On what is usually the slowest news day of the week, Toronto FC suddenly looks like a much different entity after a pair of huge announcements on Friday.
On the surface, the only days that immediately appear bigger for the embattled MLS franchise are the one in which the team's inception was announced as well as its first ever matchday. The latter confirmed that big time soccer had arrived in Toronto, and in the years since the club has been fighting an uphill battle - mostly with itself - to maintain relevance in an increasingly jaded market.
Most of that struggle had to do with rudderless leadership, starting from the top of Maple Leaf Sports & Entertainment - which couldn't decide whether it was a sports enterprise or a real estate agent - and filtering down to a Toronto FC head office largely bereft of soccer-knowledgeable decision makers.
No one needs to be reminded of the results: six seasons of mostly futile on-field displays, followed by dwindling attendances and - of those who stuck it out - an increasingly frustrated core of support.

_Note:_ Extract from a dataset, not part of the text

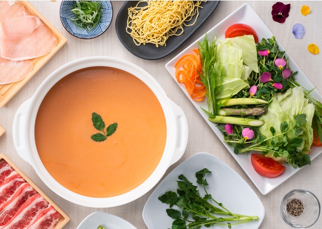 こだわりのお肉とたっぷりの野菜を楽しめる『しゃぶしゃぶ温野菜』(以下、温野菜)は、濃厚で贅沢な海老の旨みが野菜を引き立てる「オマール海老の和風ビスク」 を2022年3月24日(木)から5月12日(木)まで期間限定で販売します。

And while there have been small steps in the right direction over the past six months, led by the change in ownership and the hiring of longtime D.C. United honcho Kevin Payne, there hasn't been a single day that observers could point to as the day that could change the tide for the entire TFC organization.
Friday could be that day.
It began with the confirmation that Matias Laba had signed with the Reds as a "young Designated Player," ending weeks of speculation about the Argentine.

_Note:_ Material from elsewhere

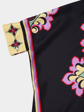 The Palazzo Placée shirt by La DoubleJ is a luxurious long-sleeved piece crafted in 100% silk, showcasing a rich foulard-style print on a black base. With its fluid drape, button-up front, and classic collar, it evokes vintage glamour with contemporary ease. The vivid pattern placement adds visual interest and elegance—ideal for day-to-night transitions or standout layering.

A 21-year-old former captain of his U-20 national team, Laba represents a massive departure from previous Toronto DPs. Young and full of potential, it's been reported by the Argentine press that Toronto paid upwards of $1.3 million (USD) for Laba's services, a claim seemingly confirmed when Payne told reporters in Toronto that the transfer fee paid for the midfielder was among the largest in MLS history.
As with any incoming players, only time will tell whether Laba will fit in with the style of play, culture change and various oddities that make MLS such a unique league, but the mere fact that TFC was willing to take a serious financial gamble on a young talent - rather than an established pro closer to the end of his career than the beginning - signals the potential start of a new era for the club.

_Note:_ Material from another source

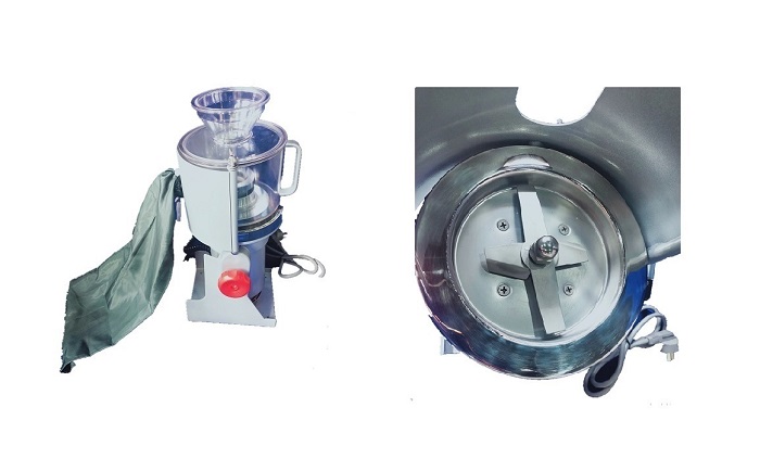 TJF溢流微粉刀式粉碎機由投料口、集料罐、粉碎室、高速電機等部位組成。樣品物料從投料口進入粉碎室,被高速旋轉的刀片(每分鐘可達22000轉)撞擊并粉碎,另外刀片的高速旋轉也引起空氣氣流的流動,從而把粉碎后的物料帶到粉碎罐中,氣流經濾袋排出,完成樣品的粉碎。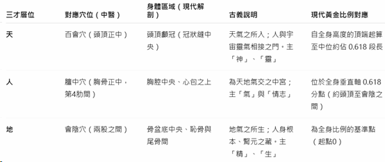 (1) 從會陰(地)到膻中(人)的距離約為 0.618 × 全身高度;

Risky signings with big upside like Laba show more ambition from the team than grabbing a (safe) 30-something from Europe, which seems to be exactly what TFC was going for.
Incoming player aside, the really big news of the day hit a few hours later, when MLSE announced that it had succeeded in its courtship of high-profile exceutive Tim Leiweke, who will step into the company as President and CEO at the end of June.
While talking heads in the Toronto media will focus on Leiweke's part in bringing Lord Stanley's mug to Los Angeles last year (along with his extensive network of contacts all over the sports and entertainment world that could potentially turn MLSE into an even bigger juggernaut), the former head of Anschutz Entertainment Group is first and foremost a soccer man.
The St. Louis native first cut his teeth as a sports executive as the assistant general manager of a Major Indoor Soccer League franchise, and in the years since he has been forging ties all over the North American soccer scene. Most famously, he helped usher in the Designated Player Era - the same era that allowed TFC to sign Laba - into MLS as one of the leading figures of the Los Angeles Galaxy.
While serving as AEG president, Leiweke helped get both the Home Depot Center in LA and Houston's BBVA Compass Stadium built, stabilizing MLS franchises in both of those cities. But of more interest to soccer fans in Toronto, Leiweke was instrumental in helping build the Galaxy into the juggernaut it is today.
Of course, the new MLSE boss will have much more on his plate than the success and failures of TFC - that's why Payne was hired - but just having a successful soccer-friendly man in the top job of the company is a huge boost for a club that has seemed at times like a second class citizen, both within the organization that owns it and the city it represents.
And while one or both of Laba and Leiweke may not end up being the saviour that soccer fans in the Greater Toronto Area have craved, they can still point to the day that the player and executive joined the organization as the day that Toronto FC showed a previously unseen ambition to truly go for it.